Finished processing dependencies for mask-rcnn==2.1

If you run the following command,

pip show mask-rcn

you should get an output similar to the following as yet another indication of a successful install.

Name: mask-rcnn
Version: 2.1
Summary: Mask R-CNN for object detection and instance segmentation
Home-page: https://github.com/matterport/Mask_RCNN
Author: Matterport
Author-email: waleed.abdulla@gmail.com
License: MIT
Location: /home/lboucher/anaconda3/envs/mask_rcnn/lib/python3.8/site-packages/mask_rcnn-2.1-py3.8.egg
Requires: 
Required-by:

Step 6: Download the Mask RCNN weights trained on the MSCOCO dataset from https://github.com/matterport/Mask_RCNN/releases/download/v2.0/mask_rcnn_coco.h5. This download is 246 MB.

Step 7: (the really fun step) Unless you happend to be running exactly the right tensorflow version, you will get a bunch of errors when running one or more of the code cells below. I was able to get this code working with my version of tensorflow (2.1.0) by very carefully changing individual lines of code in the Mask_RCNN/mrcnn/model.py code. I changed these lines one by one as I encountered errors. All of these errors had to do with deprecated syntax in tensorflow. I needed to change all instances of the following (your mileage may vary depending on your version of tensorflow):

  • tf.log -> tf.math.log
  • tf.sets.set_intersection -> tf.sets.intersection
  • tf.sparse_tensor_to_dense -> tf.sparse_to_dense
  • tf.to_float -> tf.cast(...,tf.float32) It is also important to note that you need to be very careful to actually reload the mrcnn module after each change to Mask_RCNN/mrcnn/model.py code.
In [13]:
import tensorflow as tf
print(tf.__version__)
2.1.0

License information for the matterport Mask-RCNN code at https://github.com/matterport/Mask_RCNN:

Mask R-CNN

The MIT License (MIT)

Copyright (c) 2017 Matterport, Inc.

Permission is hereby granted, free of charge, to any person obtaining a copy of this software and associated documentation files (the "Software"), to deal in the Software without restriction, including without limitation the rights to use, copy, modify, merge, publish, distribute, sublicense, and/or sell copies of the Software, and to permit persons to whom the Software is furnished to do so, subject to the following conditions:

The above copyright notice and this permission notice shall be included in all copies or substantial portions of the Software.

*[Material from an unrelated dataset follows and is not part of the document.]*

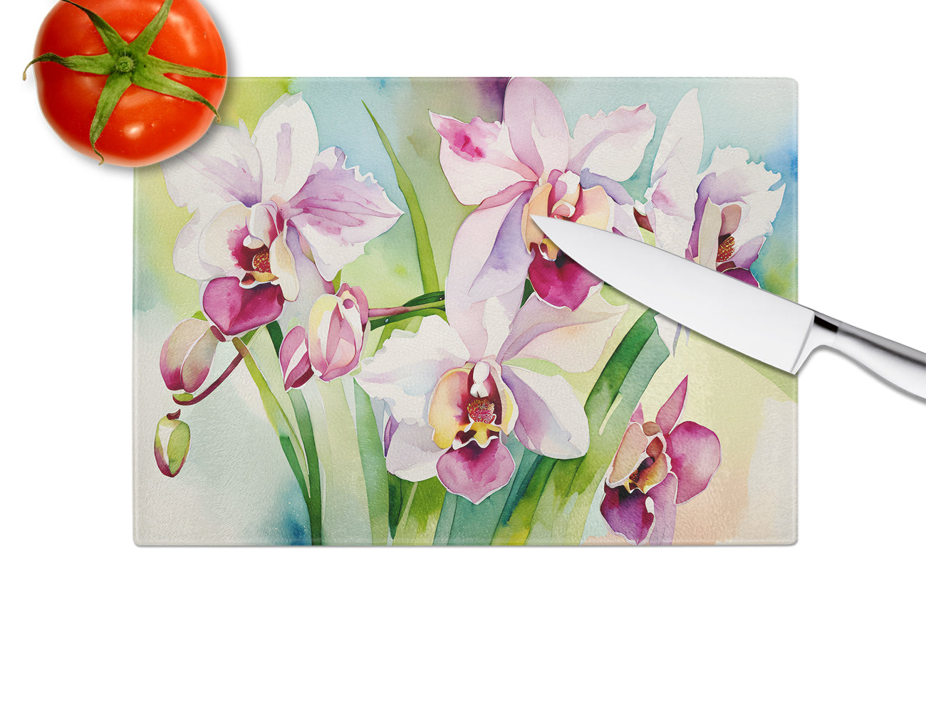 Orchids in Watercolor Glass Cutting Board

THE SOFTWARE IS PROVIDED "AS IS", WITHOUT WARRANTY OF ANY KIND, EXPRESS OR IMPLIED, INCLUDING BUT NOT LIMITED TO THE WARRANTIES OF MERCHANTABILITY, FITNESS FOR A PARTICULAR PURPOSE AND NONINFRINGEMENT. IN NO EVENT SHALL THE AUTHORS OR COPYRIGHT HOLDERS BE LIABLE FOR ANY CLAIM, DAMAGES OR OTHER LIABILITY, WHETHER IN AN ACTION OF CONTRACT, TORT OR OTHERWISE, ARISING FROM, OUT OF OR IN CONNECTION WITH THE SOFTWARE OR THE USE OR OTHER DEALINGS IN THE SOFTWARE.

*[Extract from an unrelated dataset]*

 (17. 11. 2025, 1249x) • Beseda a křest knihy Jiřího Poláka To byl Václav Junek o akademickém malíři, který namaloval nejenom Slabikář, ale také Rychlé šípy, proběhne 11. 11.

Detect an object in an image and visualize the segmentation mask

The code below loads in an example image elephant.jpg available from https://3qeqpr26caki16dnhd19sv6by6v-wpengine.netdna-ssl.com/wp-content/uploads/2019/03/elephant.jpg, and sends the image through the Mask-RCNN network. The following class TestConfig is used as part of the configuration of the MaskRCNN class.

In [14]:
# the following code adapted from 
# https://machinelearningmastery.com/how-to-perform-object-detection-in-photographs-with-mask-r-cnn-in-keras/

# define the test configuration
class TestConfig(Config):
    NAME = "test"
    GPU_COUNT = 1
    IMAGES_PER_GPU = 1
    NUM_CLASSES = 1 + 80

The code below uses a list of the MSCOCO labels similar to the example in Section 1, but includes an 81st label for background 'BG'.

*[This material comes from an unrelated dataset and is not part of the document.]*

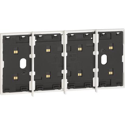 Frame elettrificato con barrette estetiche (rimovibili) di divisione tra i comandi. Per l’installazione di max. 4 comandi digitali o cover art. KW/KG/KM8100. Installazione in scatola da 4 moduli con supporto K4704. Colore bianco.

The code below additionally uses a method display_instances included as part of the MaskRCNN class defined as part of the software we downloaded. This display_instances code will interpret the output form the Mask-RCNN network and visualize the object detection.

In [15]:
# the following code adapted from 
# https://machinelearningmastery.com/how-to-perform-object-detection-in-photographs-with-mask-r-cnn-in-keras/

# example of inference with a pre-trained coco model
 
# define 81 classes that the coco model knowns about
class_names = ['BG', 'person', 'bicycle', 'car', 'motorcycle', 'airplane',
               'bus', 'train', 'truck', 'boat', 'traffic light',
               'fire hydrant', 'stop sign', 'parking meter', 'bench', 'bird',
               'cat', 'dog', 'horse', 'sheep', 'cow', 'elephant', 'bear',
               'zebra', 'giraffe', 'backpack', 'umbrella', 'handbag', 'tie',
               'suitcase', 'frisbee', 'skis', 'snowboard', 'sports ball',
               'kite', 'baseball bat', 'baseball glove', 'skateboard',
               'surfboard', 'tennis racket', 'bottle', 'wine glass', 'cup',
               'fork', 'knife', 'spoon', 'bowl', 'banana', 'apple',
               'sandwich', 'orange', 'broccoli', 'carrot', 'hot dog', 'pizza',
               'donut', 'cake', 'chair', 'couch', 'potted plant', 'bed',
               'dining table', 'toilet', 'tv', 'laptop', 'mouse', 'remote',
               'keyboard', 'cell phone', 'microwave', 'oven', 'toaster',
               'sink', 'refrigerator', 'book', 'clock', 'vase', 'scissors',
               'teddy bear', 'hair drier', 'toothbrush']


# define the model
rcnn = MaskRCNN(mode='inference', model_dir='./', config=TestConfig())
# load coco model weights
rcnn.load_weights('mask_rcnn_coco.h5', by_name=True)
# load photograph
img = load_img('elephant.jpg')
img = img_to_array(img)
# make prediction
results = rcnn.detect([img], verbose=0)
# get dictionary for first prediction
r = results[0]
# show photo with bounding boxes, masks, class labels and scores
display_instances(img, r['rois'], r['masks'], r['class_ids'], class_names, r['scores'])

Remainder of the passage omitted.